Agriculture Minister Tony Burke and research scientist Lukas Van Zwieten checking a corn crop that is part of the biochar trial.
Agriculture Minister Tony Burke and research scientist Lukas Van Zwieten checking a corn crop that is part of the biochar trial.

Professor Tim Flannery has described biochar as “(possibly) the single most important initiative for humanity’s environmental future... It allows us to address food security, the fuel crisis, and the climate problem and all in an immensely practical manner.”

Biochar is the material produced by heating carbon-rich material at a very high temperature in limited oxygen.
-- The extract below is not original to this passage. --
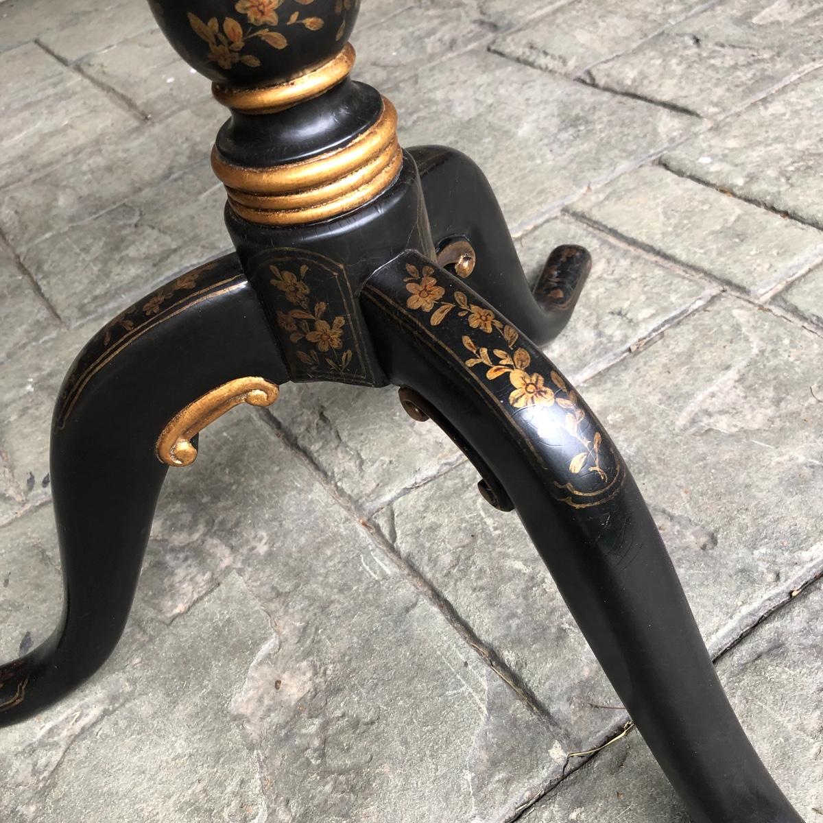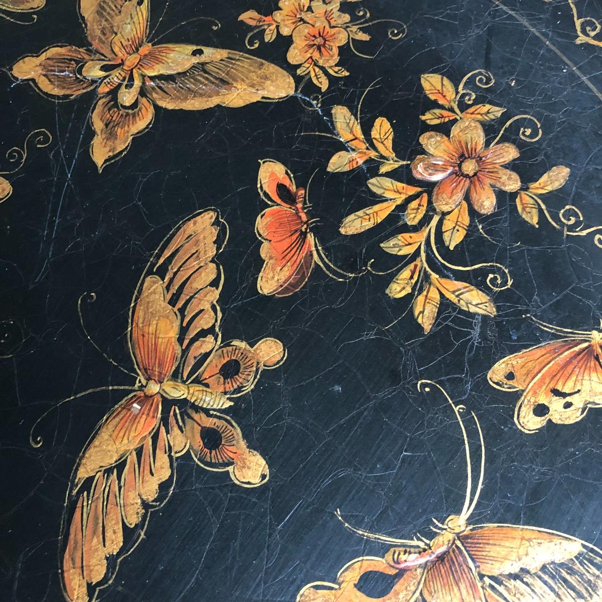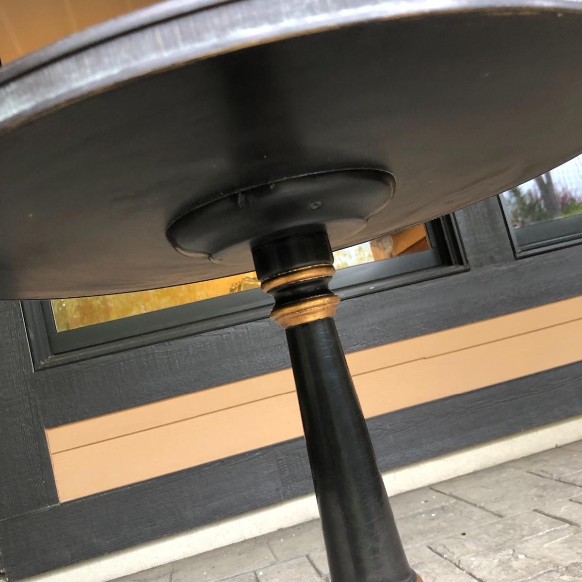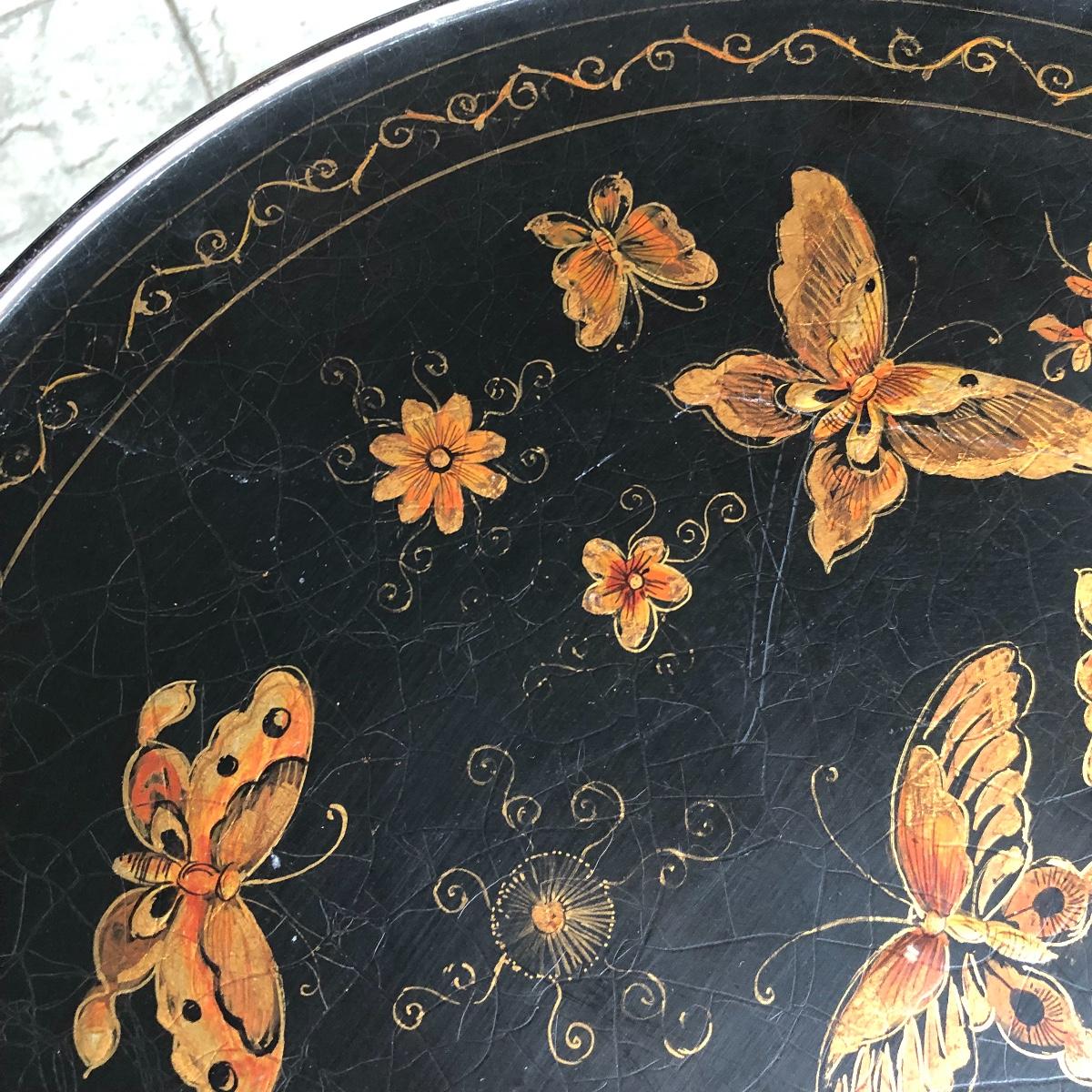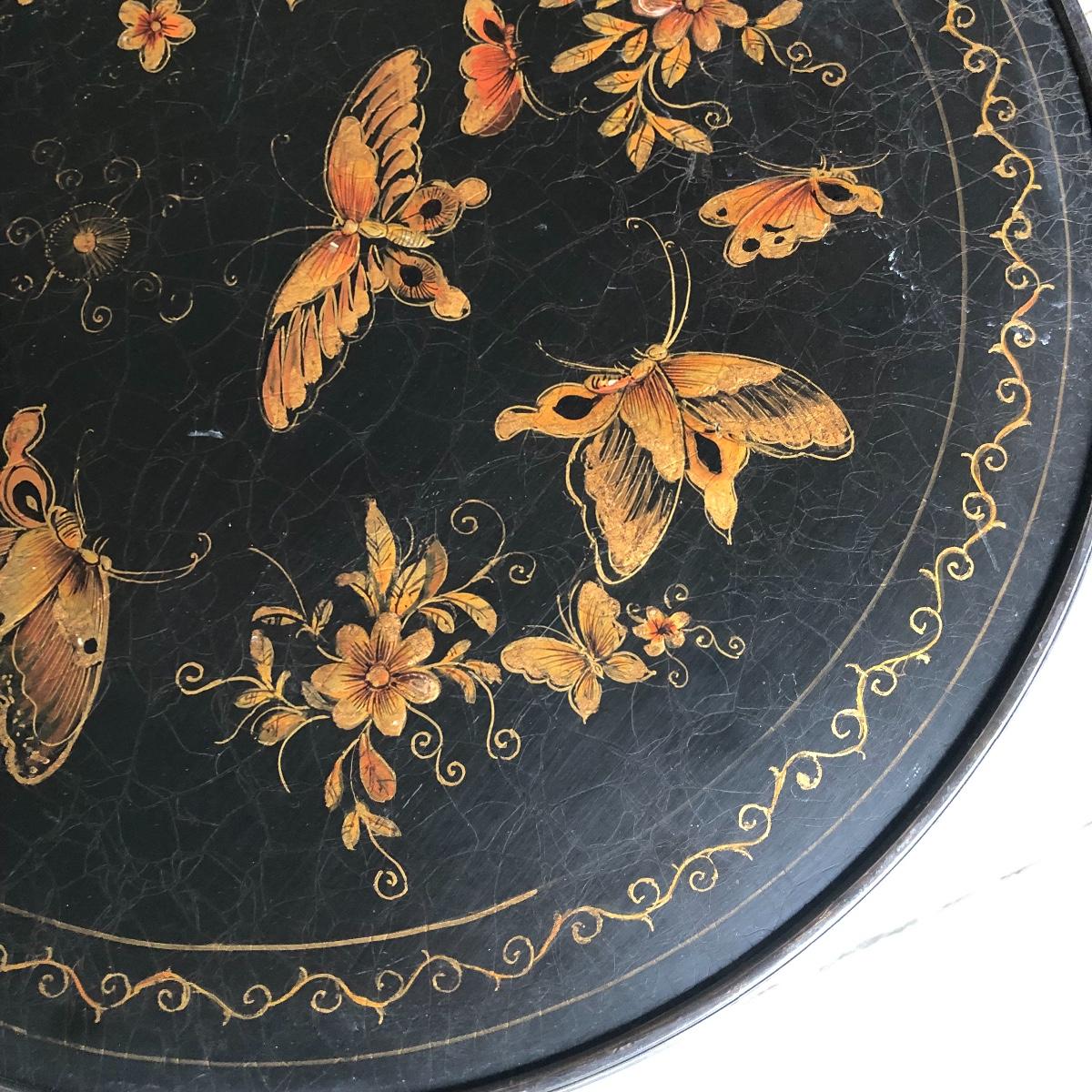 Wooden table with gold painted highlights and butterfly inlay top. The table top is 18” in diameter and is 26” tall. Local pick up only.

The charcoal-like product is then added to soil to improve soil fertility and increase carbon sequestration.

A similar process known as ‘terra preta’ was used by South American tribes on the Amazon River for thousands of years and there has been some low-level research into the use of biochar in developing countries, but it has only been in the past few years that the scientific community has started to get very excited about the process and confirmed there are real benefits for soils.

A biochar project being run by NSW Industry and Investment (formerly the Department of Primary Industries) is amongst the first in the world to be able to quantify the benefits it can have on agricultural crops and in carbon storage.

The federal Minister for Agriculture Tony Burke was at the Wollongbar Agricultural Institute on Monday checking out some of their trials.

“People have been talking about ways of improving productivity and reducing greenhouse gasses but asking how do you measure it?” he said.

He praised the efforts of Dr Lukas Van Zwieten and his team who, for the past four years, have been trialling biochar on a range of crops on the North Coast including avocadoes, sugar cane, rice, macadamias and coffee.

“This work allows us to start doing that... the challenge is that different types of biochar will give different results with different soil types and different crops,” Mr Burke said.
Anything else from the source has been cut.